Finance & DevelopmentCBRE: RevPAR Growth Predicted to Improve in the Second Half of 2024

CBRE: RevPAR Growth Predicted to Improve in the Second Half of 2024

DALLAS, Texas—CBRE expects revenue per available room (RevPAR) growth to improve in the second half of 2024, following a weaker-than-expected first quarter.

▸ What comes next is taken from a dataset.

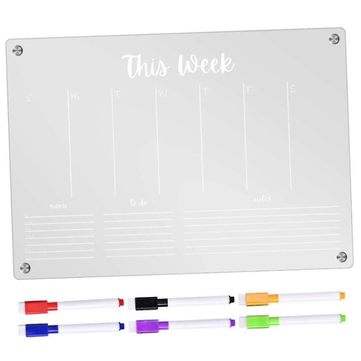 1 Acrylic whiteboard for fridge – erasable weekly planner, note pad, dryerase board, transparent acrylic slate, fridge organizer.'
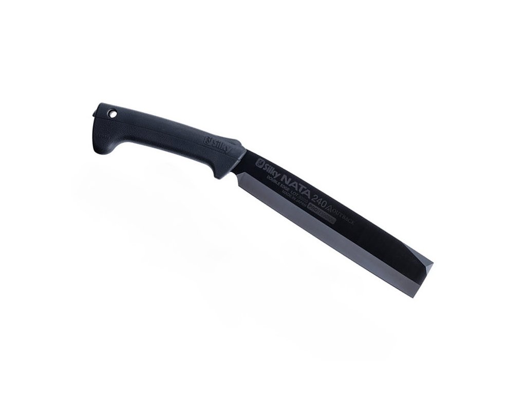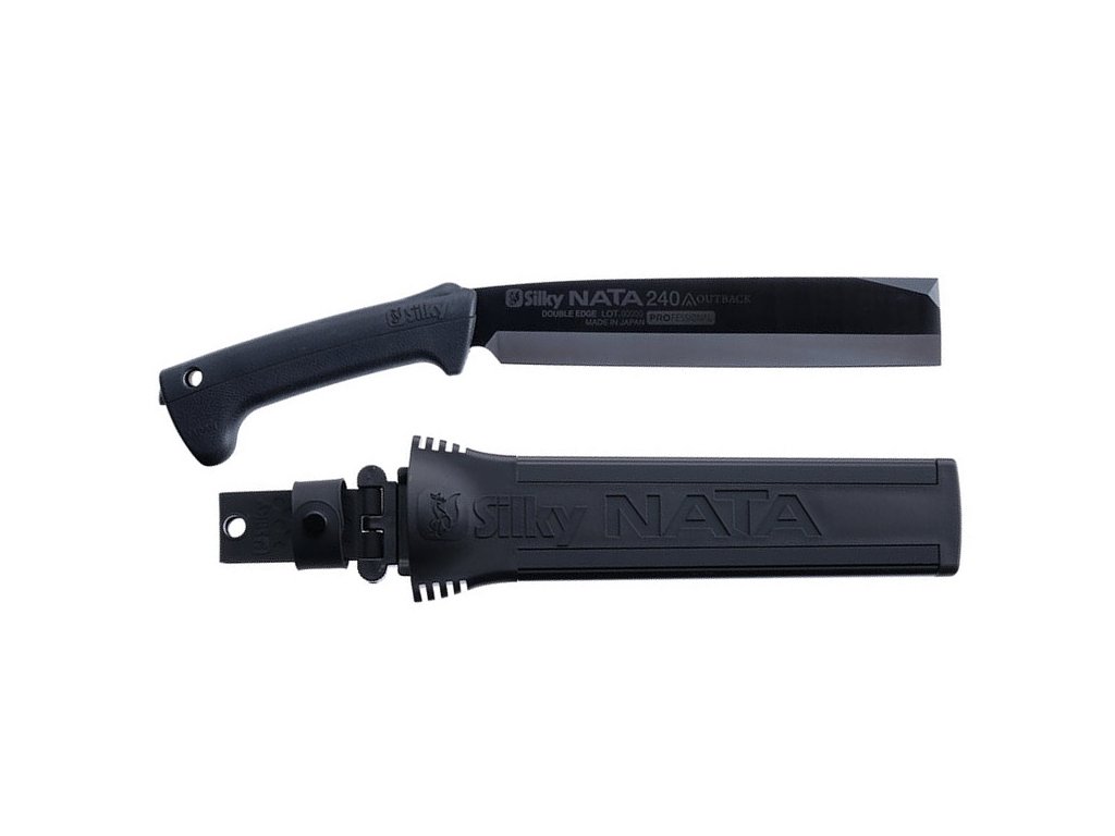 Noul Nata Outback se dovede a fi partenerul ideal pentru activități în aer liber, deoarece combină funcțiile unui topor și ale unui cuțit. Odată cu lansarea noului model Nata, compania Silky introduce și o tehnică inovatoare de tratare a suprafeței lamei. Silky Black Oxide combină metoda tradițională japoneză de protecție împotriva ruginii cu tehnologia modernă avansată. Lama de 24 cm este forjată în mod unic din oțel pentru unelte de calitate SKS-51 (JIS). Lungimea totală a macetei este de 46 cm și greutatea de 730 g o fac un instrument robust, care poate face față chiar și celor mai solicitante și extreme sarcini. Nata Outback este livrat cu o teacă neagră robustă, care are o clemă pentru curea, ceea ce vă permite să o aveți mereu la îndemână în timpul aventurilor.

CBRE’s latest forecast projects a 2.0 percent increase in RevPAR growth for 2024, down from the 3.0 percent estimated in February 2024. RevPAR is now expected to grow by 3.0 percent for the remainder of the year, driven by international tourists, holiday travel, and limited supply growth.

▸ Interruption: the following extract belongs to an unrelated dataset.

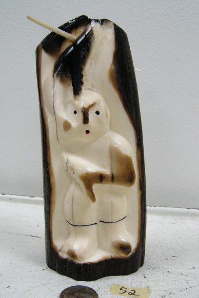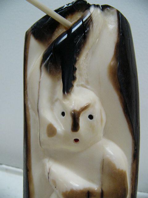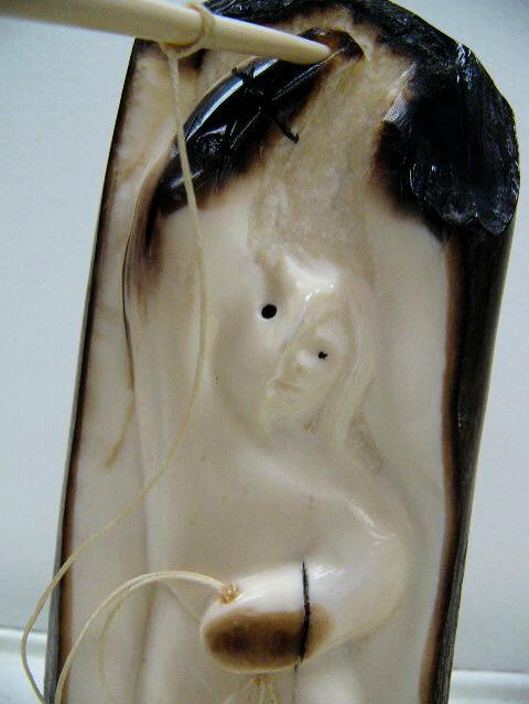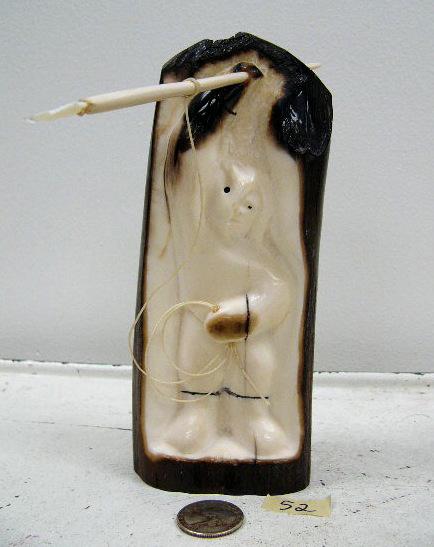 7" relief carved fossilized ivory of 2 different hunters by Iglaak from Koyuk (114)

CBRE forecasts GDP growth of 2.3 percent and average inflation of 3.2 percent in 2024. The performance of the lodging industry is closely tied to the strength of the economy, as there is typically a strong correlation between GDP and RevPAR growth.

“We anticipate modest growth over the next few quarters, supported by a continued uptick in visitors from overseas and election-related events, such as political party conventions,” said Rachael Rothman, CBRE’s head of hotel research and data analytics.

CBRE remains optimistic that RevPAR will achieve a nominal record of $101.20 this year, representing 115 percent of pre-pandemic levels in 2019. This outlook is based on projected average daily rate (ADR) growth of 1.7 percent and a 0.2 percent increase in occupancy.

“Slower RevPAR growth reflects softer demand, stickier inflation, and high interest rates,” said Michael Nhu, senior economist and CBRE’s head of global hotels forecasting. “People have already spent a significant portion of their pandemic-era savings, and on top of that, the lingering inflationary pressures are putting a strain on discretionary spending, especially for more price-sensitive consumers.”

CBRE expects muted supply growth in the medium term due to elevated financing and construction costs. For 2024, CBRE expects supply growth of just under 1 percent, with hotel supply projected to have a compound annual growth rate (CAGR) of 0.9 percent over the next three years.